## Task brief
Print the whole listing again exactly, keeping no pictures in it.

-------- Collected material

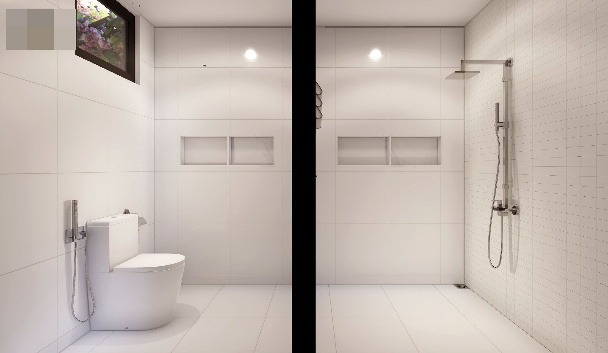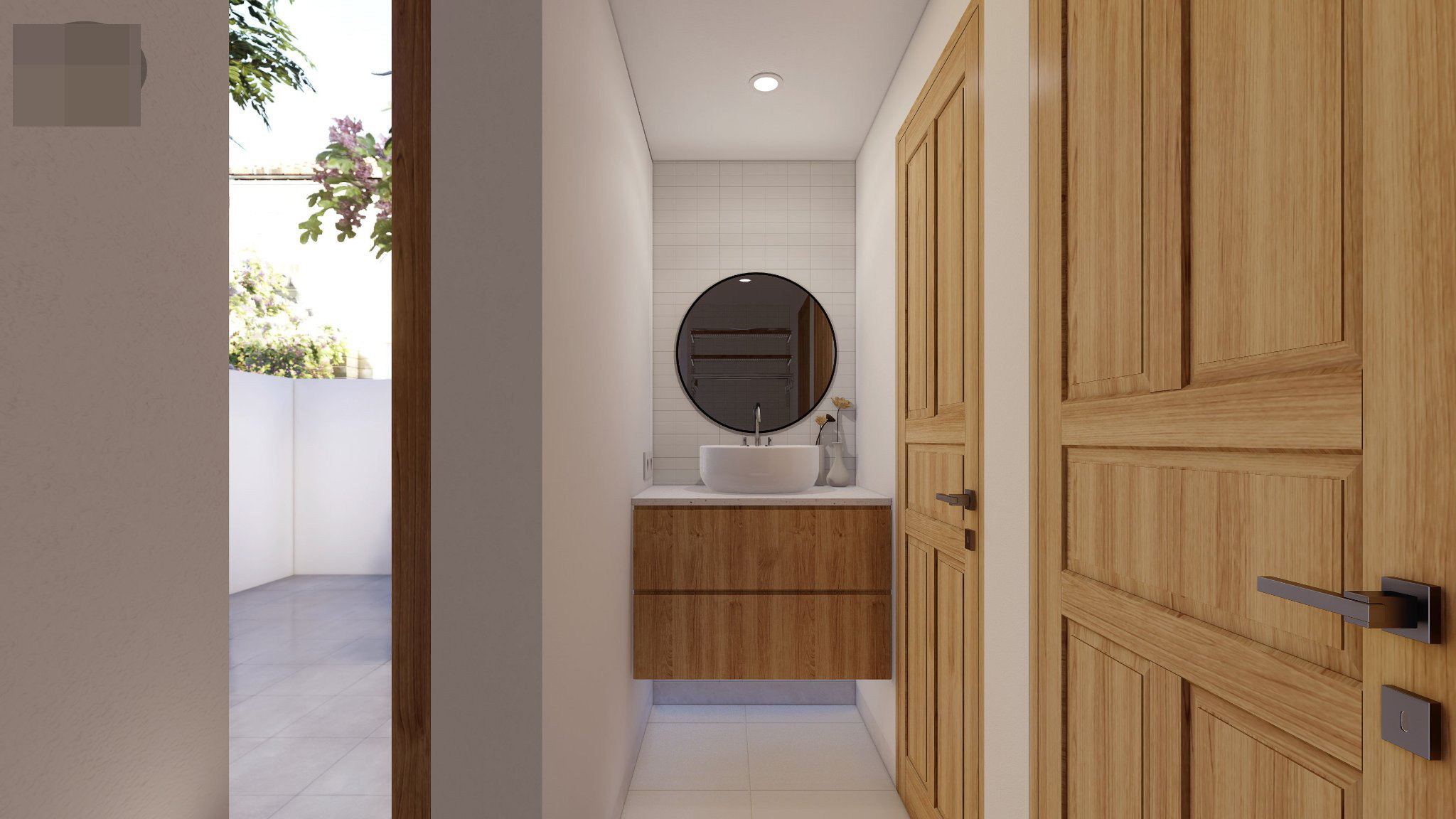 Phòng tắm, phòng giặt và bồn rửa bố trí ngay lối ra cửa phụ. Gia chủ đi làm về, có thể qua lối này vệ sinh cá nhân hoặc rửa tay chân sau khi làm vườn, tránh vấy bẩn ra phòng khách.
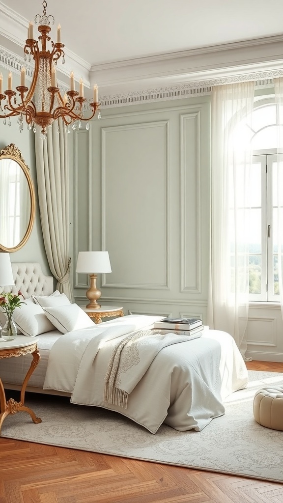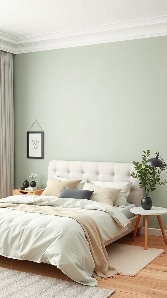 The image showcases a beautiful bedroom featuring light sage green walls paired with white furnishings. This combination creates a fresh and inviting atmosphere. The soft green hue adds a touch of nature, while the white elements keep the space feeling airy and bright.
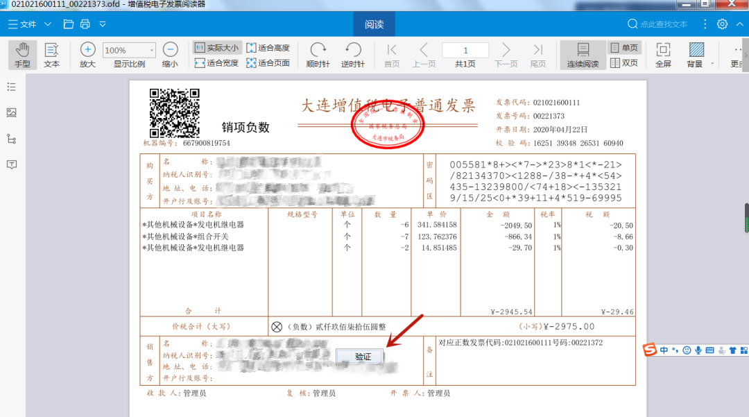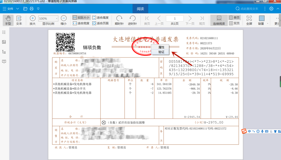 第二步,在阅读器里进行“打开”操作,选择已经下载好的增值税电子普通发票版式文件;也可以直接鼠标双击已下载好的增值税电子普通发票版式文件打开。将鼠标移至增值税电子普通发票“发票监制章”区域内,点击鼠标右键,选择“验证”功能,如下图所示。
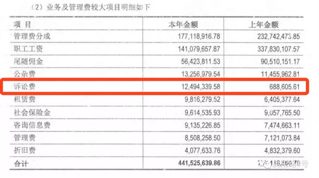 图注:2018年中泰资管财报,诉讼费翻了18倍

----------------

## Task output
 Phòng tắm, phòng giặt và bồn rửa bố trí ngay lối ra cửa phụ. Gia chủ đi làm về, có thể qua lối này vệ sinh cá nhân hoặc rửa tay chân sau khi làm vườn, tránh vấy bẩn ra phòng khách.
 The image showcases a beautiful bedroom featuring light sage green walls paired with white furnishings. This combination creates a fresh and inviting atmosphere. The soft green hue adds a touch of nature, while the white elements keep the space feeling airy and bright.
 第二步,在阅读器里进行“打开”操作,选择已经下载好的增值税电子普通发票版式文件;也可以直接鼠标双击已下载好的增值税电子普通发票版式文件打开。将鼠标移至增值税电子普通发票“发票监制章”区域内,点击鼠标右键,选择“验证”功能,如下图所示。
 图注:2018年中泰资管财报,诉讼费翻了18倍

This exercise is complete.